(Recorded data Opens)

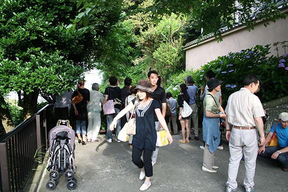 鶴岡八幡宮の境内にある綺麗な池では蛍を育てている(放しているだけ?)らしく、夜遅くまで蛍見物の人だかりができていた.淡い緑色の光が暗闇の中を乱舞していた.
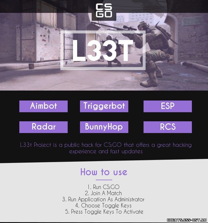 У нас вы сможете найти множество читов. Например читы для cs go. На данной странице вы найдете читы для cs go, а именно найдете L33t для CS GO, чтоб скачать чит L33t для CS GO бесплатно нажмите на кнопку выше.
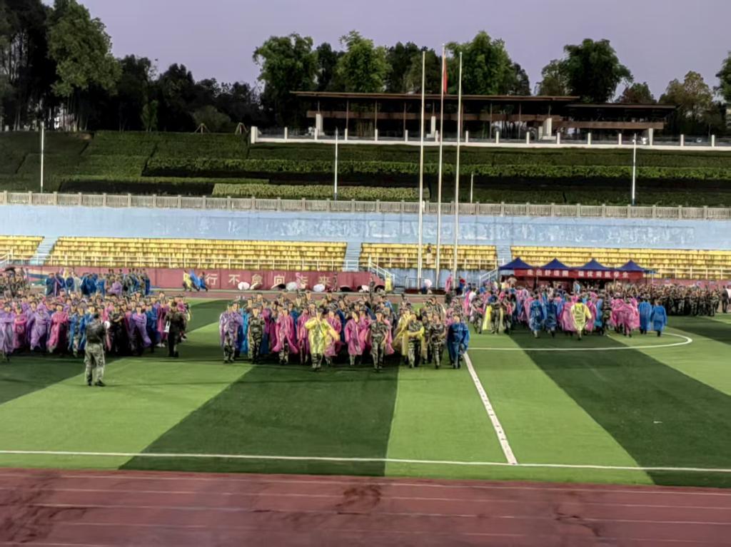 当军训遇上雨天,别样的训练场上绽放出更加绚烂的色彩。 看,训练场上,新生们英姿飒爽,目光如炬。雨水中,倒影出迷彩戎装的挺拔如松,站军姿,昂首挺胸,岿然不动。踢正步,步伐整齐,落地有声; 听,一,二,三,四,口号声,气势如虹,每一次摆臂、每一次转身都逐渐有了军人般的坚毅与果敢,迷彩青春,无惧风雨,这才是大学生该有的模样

(Recorded data Closes)

With the pictures left out, return the listing above exactly as it stands.

 鶴岡八幡宮の境内にある綺麗な池では蛍を育てている(放しているだけ?)らしく、夜遅くまで蛍見物の人だかりができていた.淡い緑色の光が暗闇の中を乱舞していた.
 У нас вы сможете найти множество читов. Например читы для cs go. На данной странице вы найдете читы для cs go, а именно найдете L33t для CS GO, чтоб скачать чит L33t для CS GO бесплатно нажмите на кнопку выше.
 当军训遇上雨天,别样的训练场上绽放出更加绚烂的色彩。 看,训练场上,新生们英姿飒爽,目光如炬。雨水中,倒影出迷彩戎装的挺拔如松,站军姿,昂首挺胸,岿然不动。踢正步,步伐整齐,落地有声; 听,一,二,三,四,口号声,气势如虹,每一次摆臂、每一次转身都逐渐有了军人般的坚毅与果敢,迷彩青春,无惧风雨,这才是大学生该有的模样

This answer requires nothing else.